Russian Greco-Roman wrestler (born 2001)

Aues Muaedovich Gonibov (Ауэс Муаедович Гонибов; born 3 March 2001) is a Russian Greco-Roman wrestler of Circassian heritage, who competes at 82 kilograms. He is the 2023 world bronze medalist and 2023 Russian national champion.

== Sport career ==
In 2017, he claimed his first Russian silver medal and European title as cadet wrestler at the U17 European championships. In 2018, he won the silver medal at the cadet Russian championships and earned the bronze medal at the cadet European championships, held in North Macedonia. In 2019, he became runner-up at the
junior Russian championships and the 2019 World Junior Championships held in Tallinn, Estonia. At the 2020 junior Russian nationals, he came in the first place. In 2021 he competed at the Dumitru Pirvulescu & Vasile Iorga international and earned the silver medal. Twice came in first at the U23 Russian nationals in 2021 and 2022. In 2022, at the senior Russian nationals, he won his first senior bronze medal. In 2023, he came first at the senior Russian championships, where he over Rafael Iunusov of Ulyanovsk Oblast in the final match and made the world team. On September 22, 2023, he competed at the World Championships and lost to Rafig Huseynov of Azerbaijan in quarterfinals, then Huseynov advanced further into the final match and Gonibov offered shot for the bronze medal where he beat world and European champion Burhan Akbudak of Turkey and took his first world bronze medal as an independent neutral athlete. In April 2024, he won the U23 Russian championships. In May 2024, he came first at the U23 European Championships in the men's Greco-Roman 87 kg event.

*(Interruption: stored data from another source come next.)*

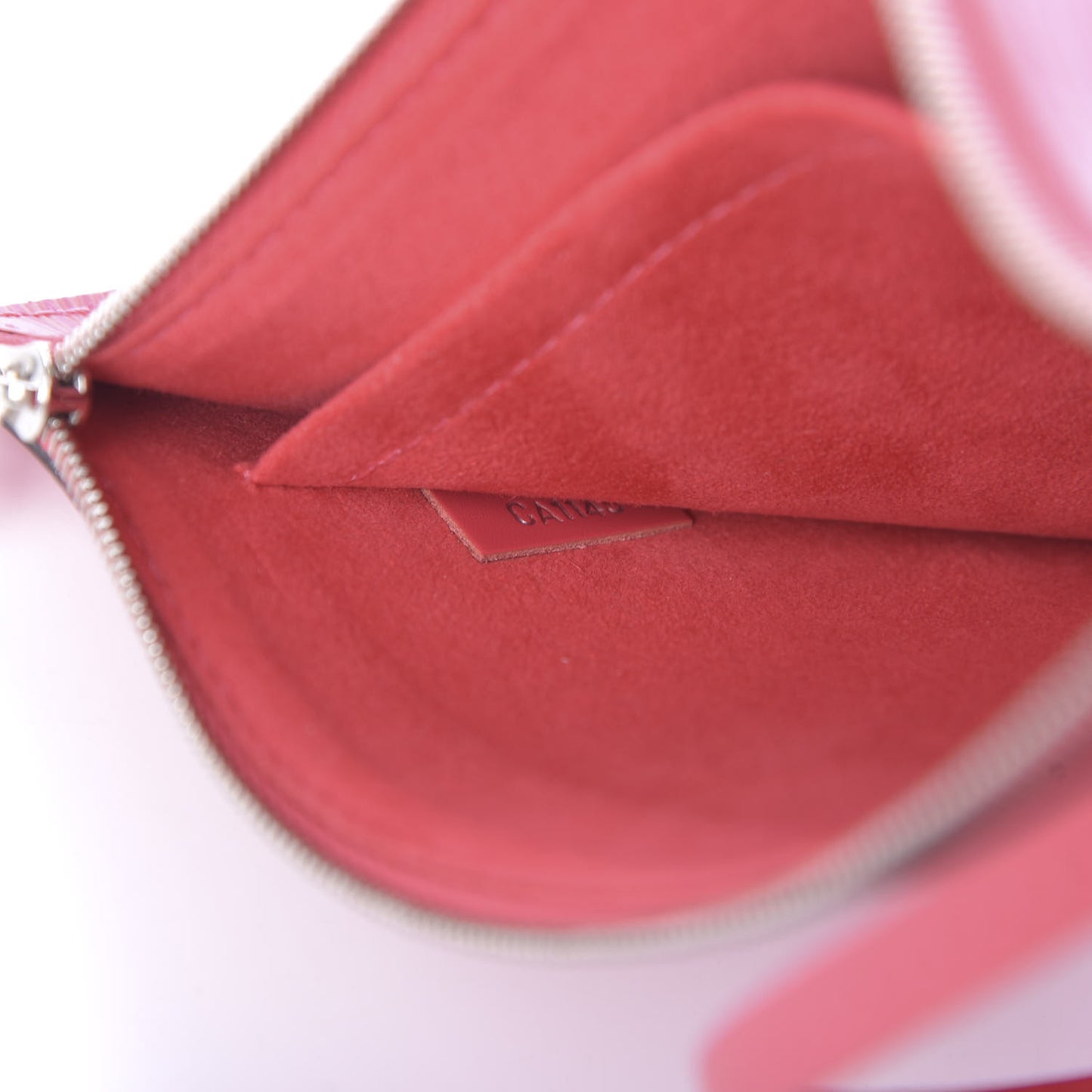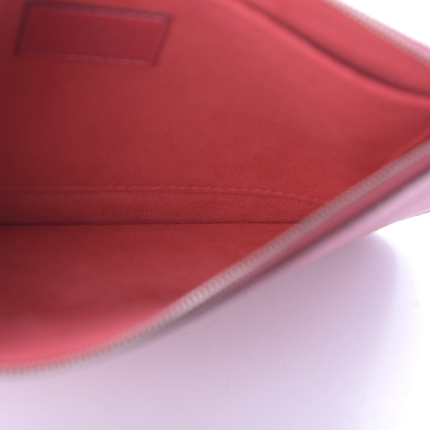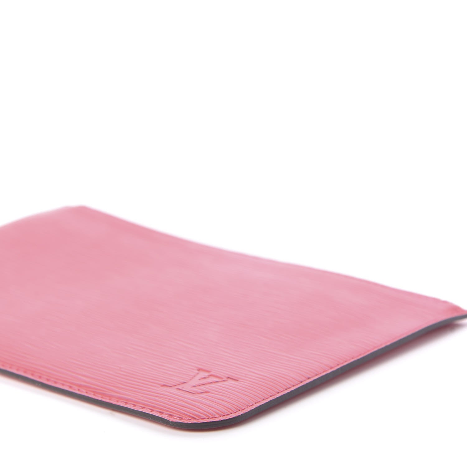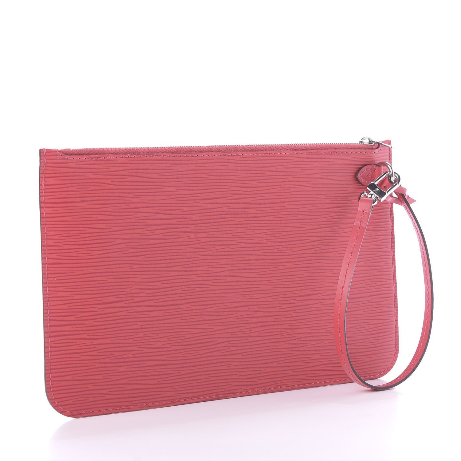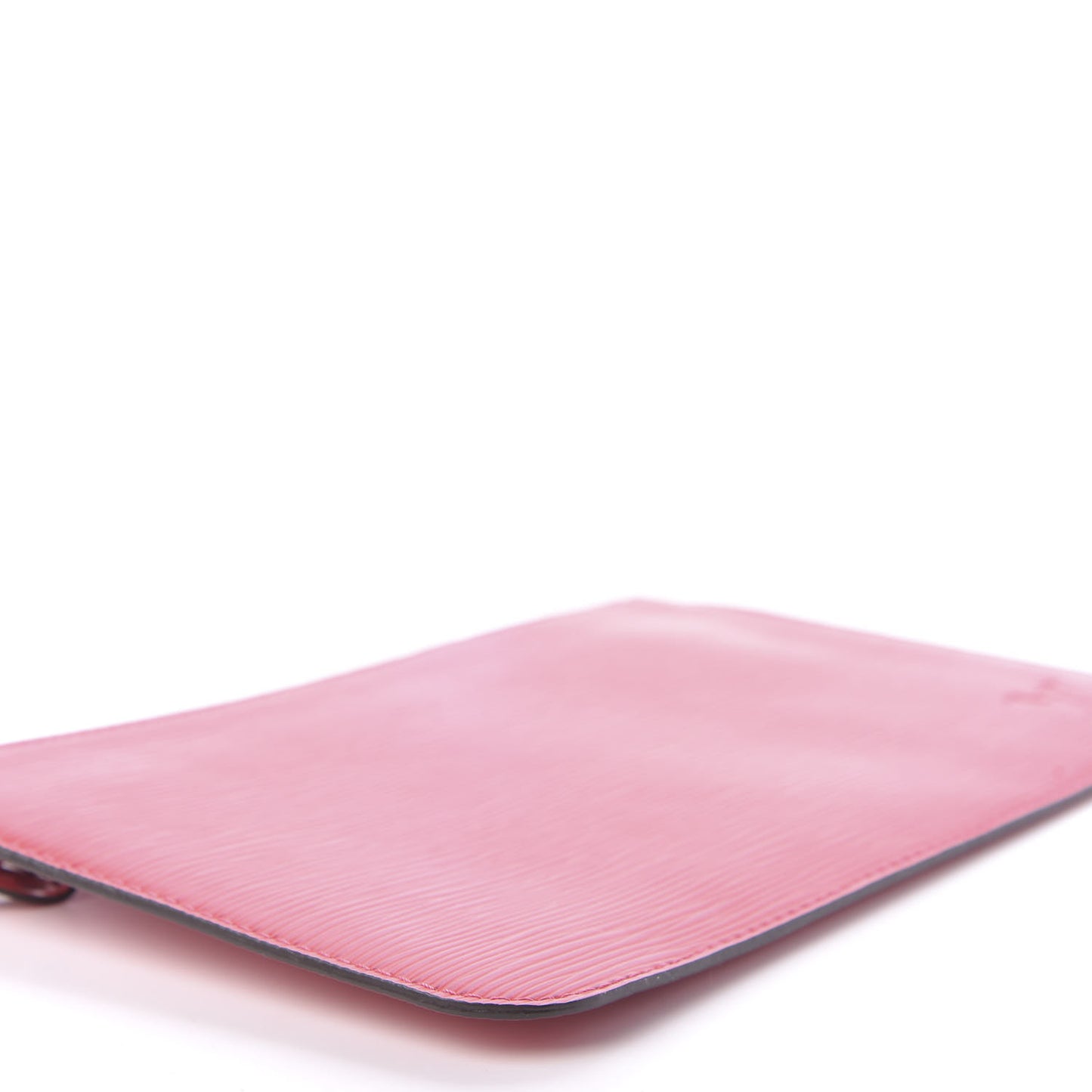 This is an authentic LOUIS VUITTON Epi Neverfull MM GM Pochette in Grenade. For those everyday essentials, this is made of Louis Vuitton epi textured in red with a matching leather wrist strap for convenience. The top zipper opens to a matching fabric interior with a flat pocket. This is an ideal case for travel of all sorts, for cosmetics and accessories, with the luxury and style from Louis Vuitton.
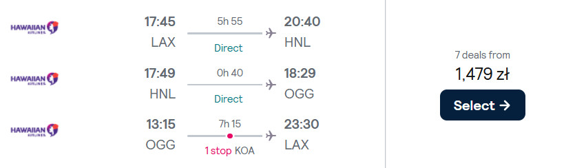 Uzupełnieniem podróży są loty krajowe na trasie Los Angeles-Honolulu-Kahului-Los Angeles. Całą trasę pokonasz samolotami linii Hawaiian Airlines.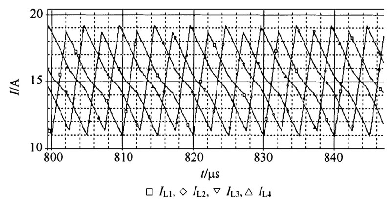 圖6 所示為濾波電感的電流波形, 從圖6 可以看出, 4 個濾波電感的電流輪流充電, 如果一個濾波電感在充電, 其餘3 個電感必須在放電, 在死區時間內, 4 個濾波電感都在放電。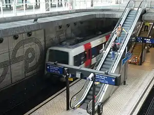 In 1991, airport managers and the Syndicat des transports Parisiens (the regional transit planning agency, now known as Île-de-France Mobilités) begin a project to connect the terminals and rail stations with an automated rail shuttle service. Construction of the system would take more than a decade, complicated by an aborted attempt to use a new train technology.[4] The CDGVAL (Charles de Gaulle Véhicule Automatique Léger, English: Charles de Gaulle light automatic vehicle) system finally opened on 4 April 2007, linking Terminal 1, parking lot PR, this station, Parking lot PX, and the TGV/RER station at Terminal 2.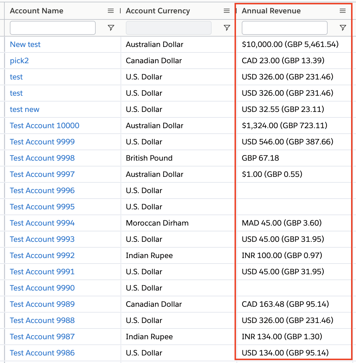 Tables have the Ability to show Corporate Currency along with record level currency for multi-currency Organization.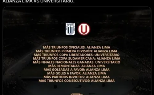 En su cuenta de Twitter, Son Datos No Opiniones (Jesús Chirinos), propuso un detallado interesante: “DATOS DEL CLÁSICO DEL FÚTBOL PERUANO EN COTEJOS OFICIALES: ALIANZA LIMA VS UNIVERSITARIO”. El cual podemos ver ahora mismo, transcribiendo lo bueno, malo, y feo, dependiendo hincha de que cuadro eres.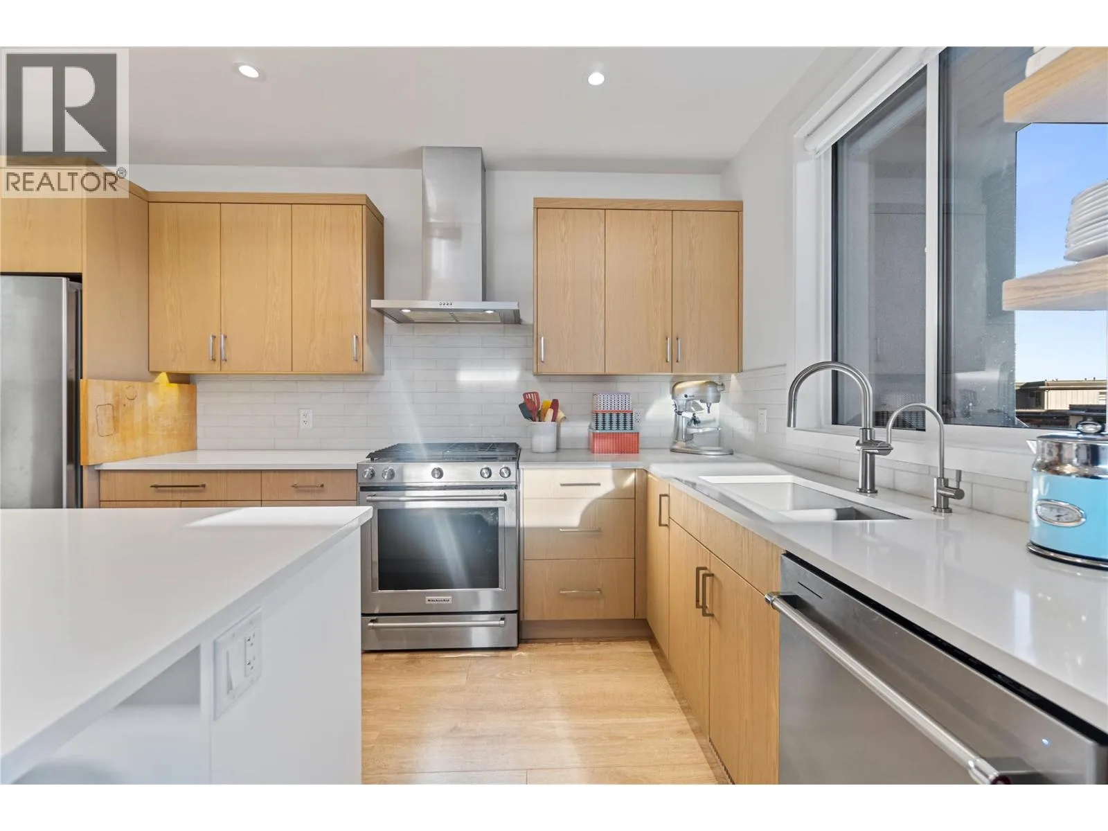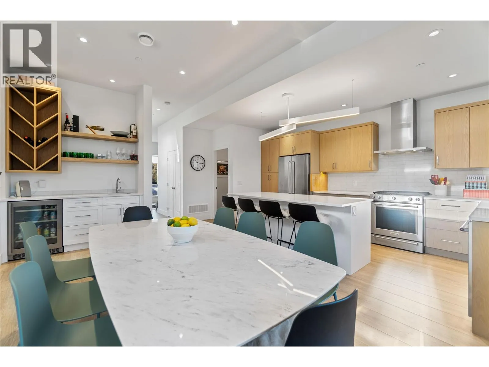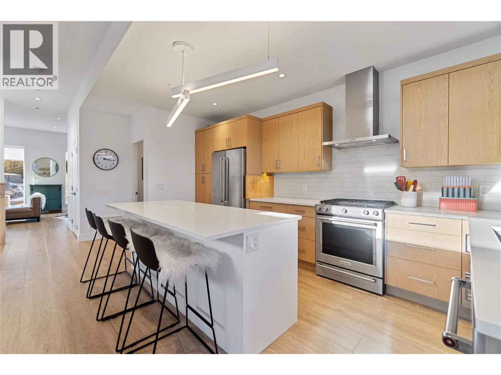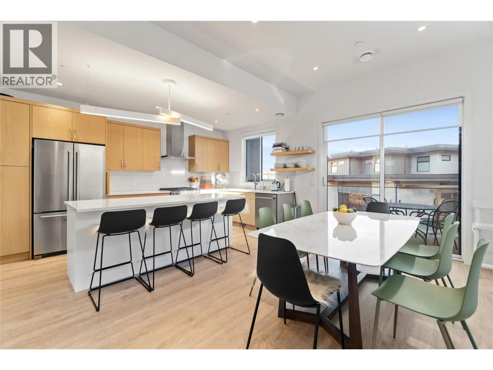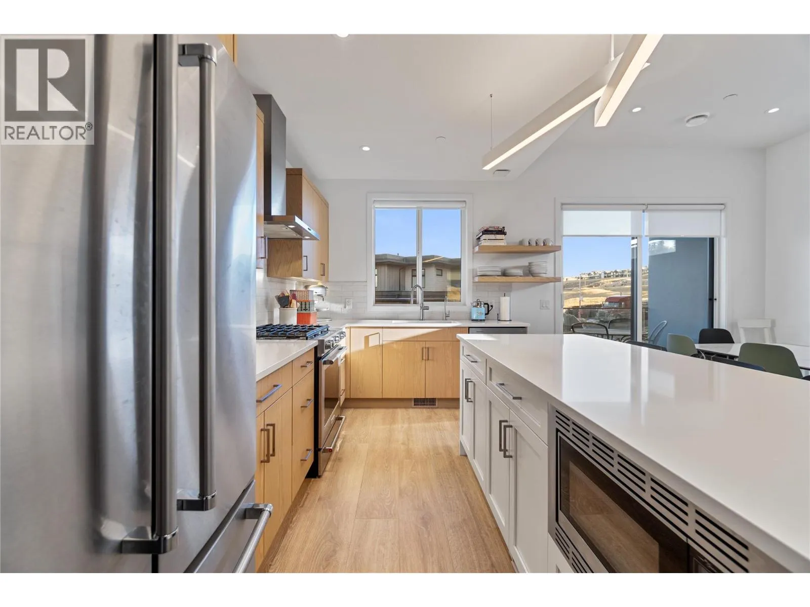 An extraordinary townhouse in the heart of the prestigious Predator Ridge community, where luxury meets lifestyle. Built in 2022, this residence embodies refined elegance with the warmth of modern design, offering a sanctuary for those who value sophistication and comfort. The open-concept main level connects kitchen, dining, and living spaces in a seamless flow, with sunlight pouring through expansive windows to highlight clean lines and premium finishes. The chef-inspired kitchen, equipped with top-of-the-line appliances, sleek cabinetry, and a generous island, is perfect for entertaining and everyday living. With four bedrooms, including two private ensuites, the home is thoughtfully designed for family and guests. Each of the four bathrooms is a retreat, featuring spa-like details and high-end fixtures, with heated floors in the guest and master suites for added comfort. Every detail is designed to elevate your lifestyle. Enjoy the private infinity pool and hot tub shared exclusively by the street, or gather on the rooftop patio with its fire table and stylish furnishings. Inside, custom shelving enhances the kitchen and living areas, while the home comes complete with kitchen furniture, all beds including a striking king-size Murphy bed in the lower guest suite and a BBQ for outdoor dining. Practical touches include an integrated water softener, electric car charger, and the rare privacy of an end unit with extra parking. Beyond your door lies the Predator Ridge lifestyle (id:27476)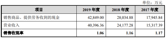2017年-2019年,惠泰医疗营业收入分别为1.53亿元、2.42亿元、4.04亿元,销售商品、提供劳务收到的现金分别为1.79亿元、2.80亿元、4.28亿元,销售收现率分别为1.17、1.16、1.06。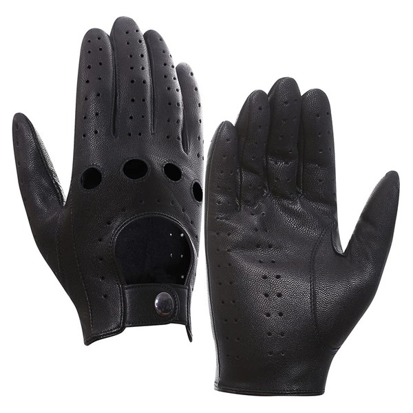 Harssidanzar Mens Leather Driving Gloves Goatskin Unlined, Black, M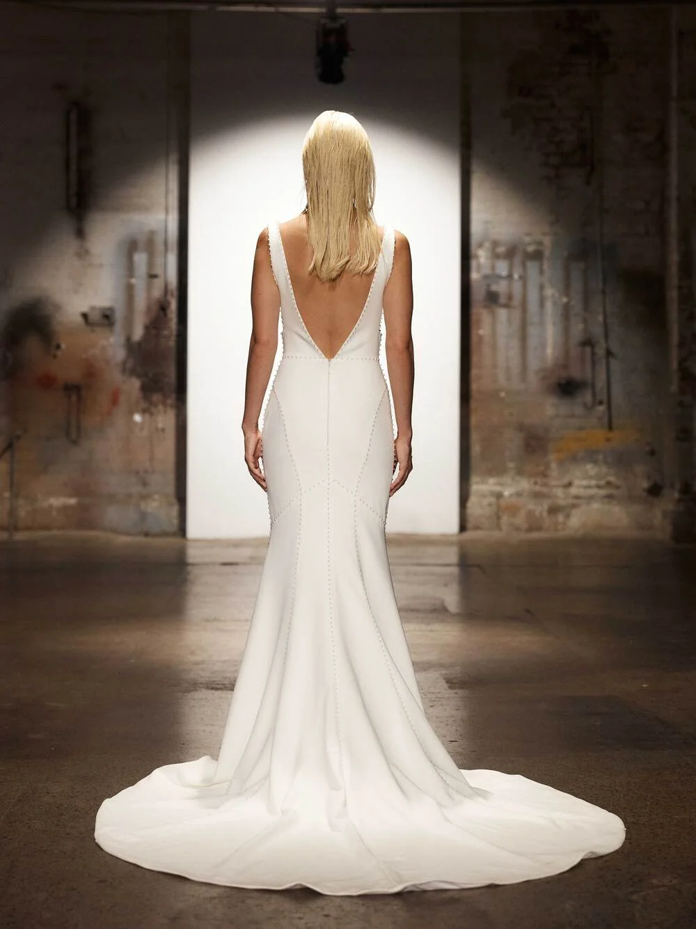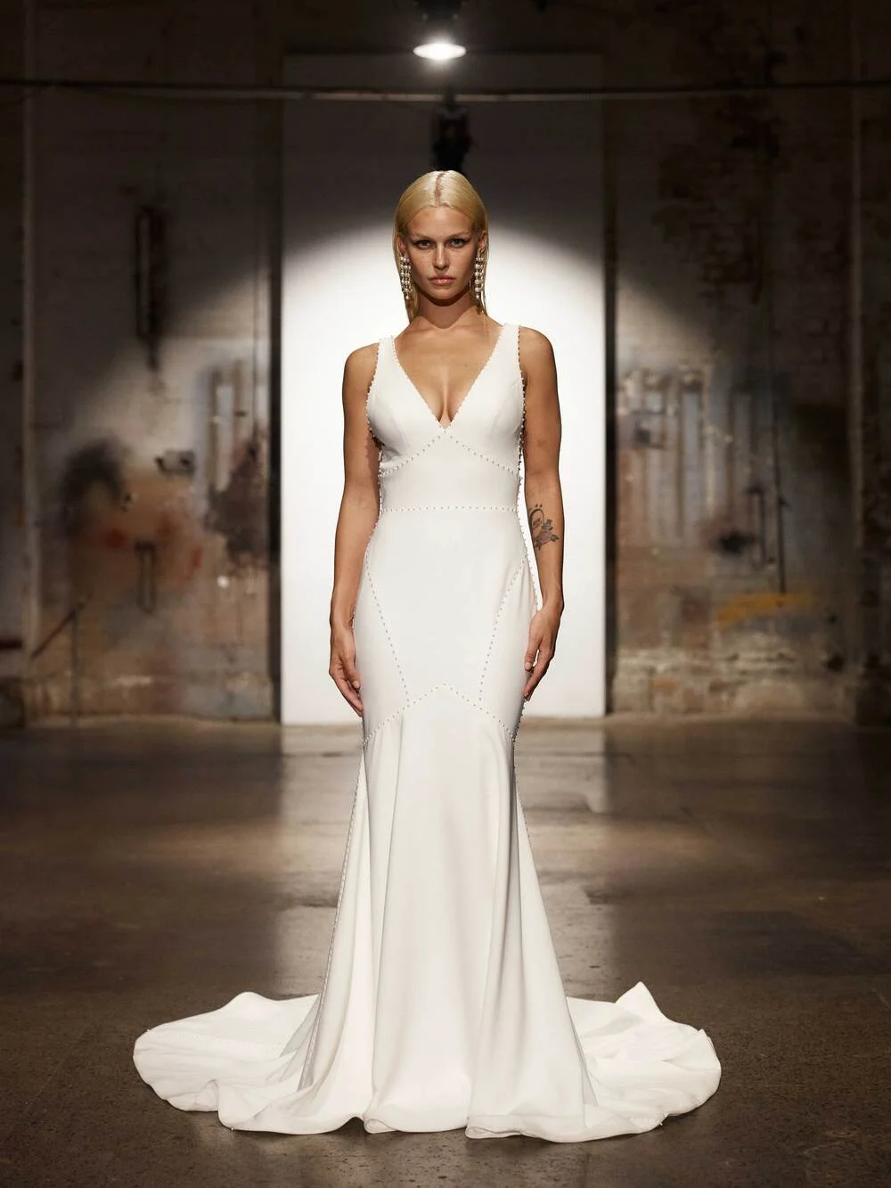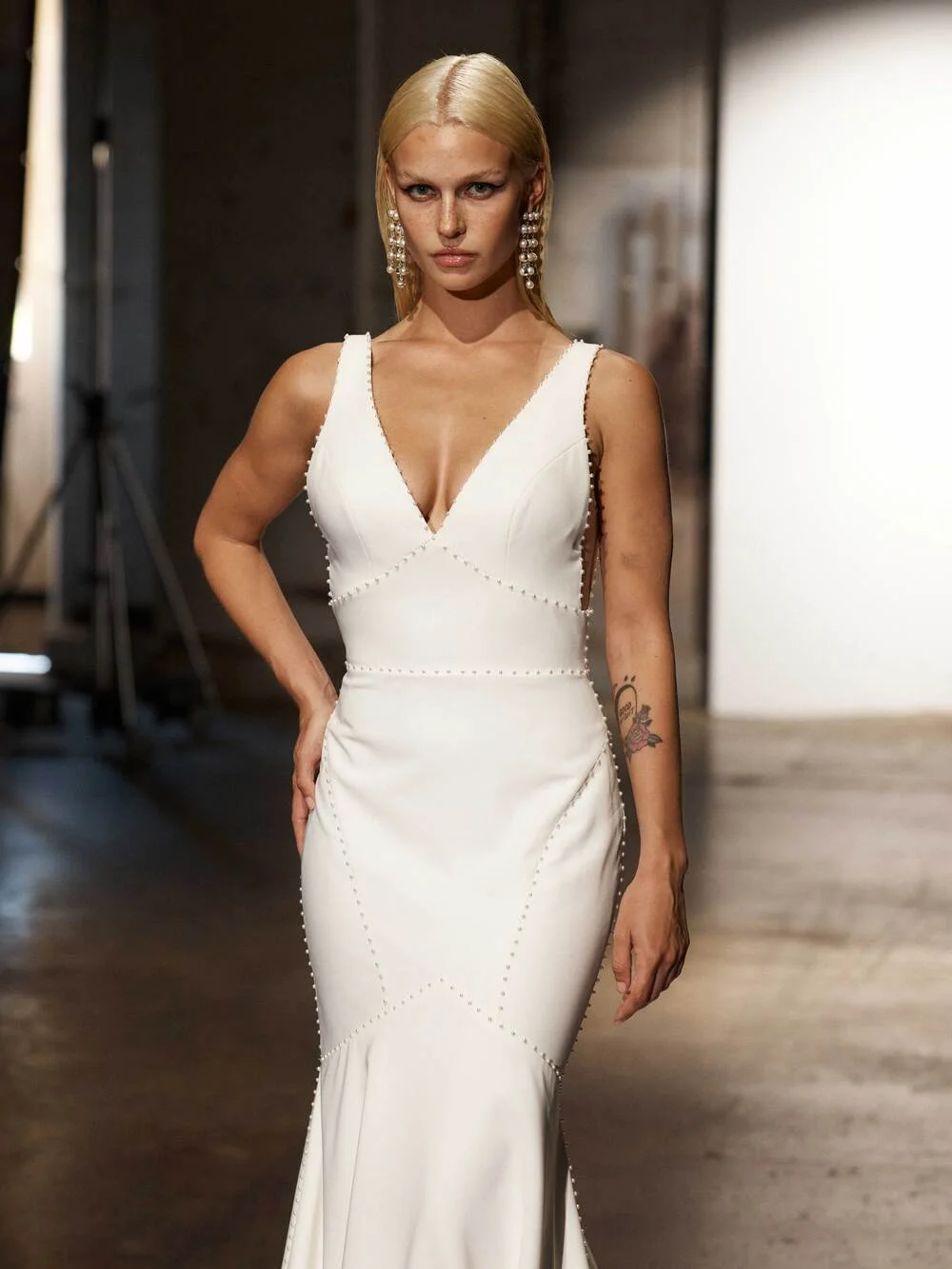 The Joni wedding gown from Evie Young's Noir collection is cool and feminine. Made of light ivory crepe, it features a fit-and-flare silhouette with pearl trim. The V-neck bodice has straps and illusion tulle side insets. The pearl-trimmed waistband creates a snatched waist look. The skirt shapes curves into an hourglass mermaid silhouette with a deep V back and train. Joni's clean aesthetic and pearl details make it a modern masterpiece. Customizable with corset boning for support.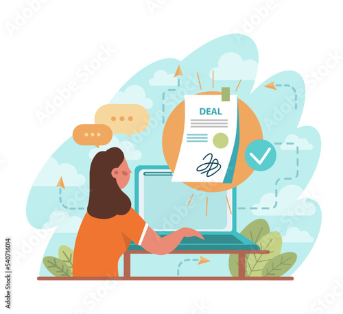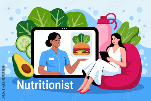 Woman buying grocery products in online mobile store, vector flat illustration. Online grocery shop, internet purchase, e-commerce concept.

== Wrestling achievements ==
- 2017 Cadet European championships — 1st.
- 2018 Cadet Russian championships — 2nd.
- 2018 Cadet European championships — 3rd.
- 2019 Junior Russian championships — 2nd.
- 2019 World Junior Championships — 2nd.
- 2020 Junior Russian championships — 1st.
- 2021, 2022 U23 Russian nationals — 2nd.
- 2022, 2024 Senior Russian Championships — 3rd.
- 2023 Senior Russian Championships — 1st.
- 2023 World Championships — 3rd.
- 2021, 2023 CIS Games — 1st.
- 2024 U23 Russian nationals — 1st.
- 2024 U23 European championships — 1st.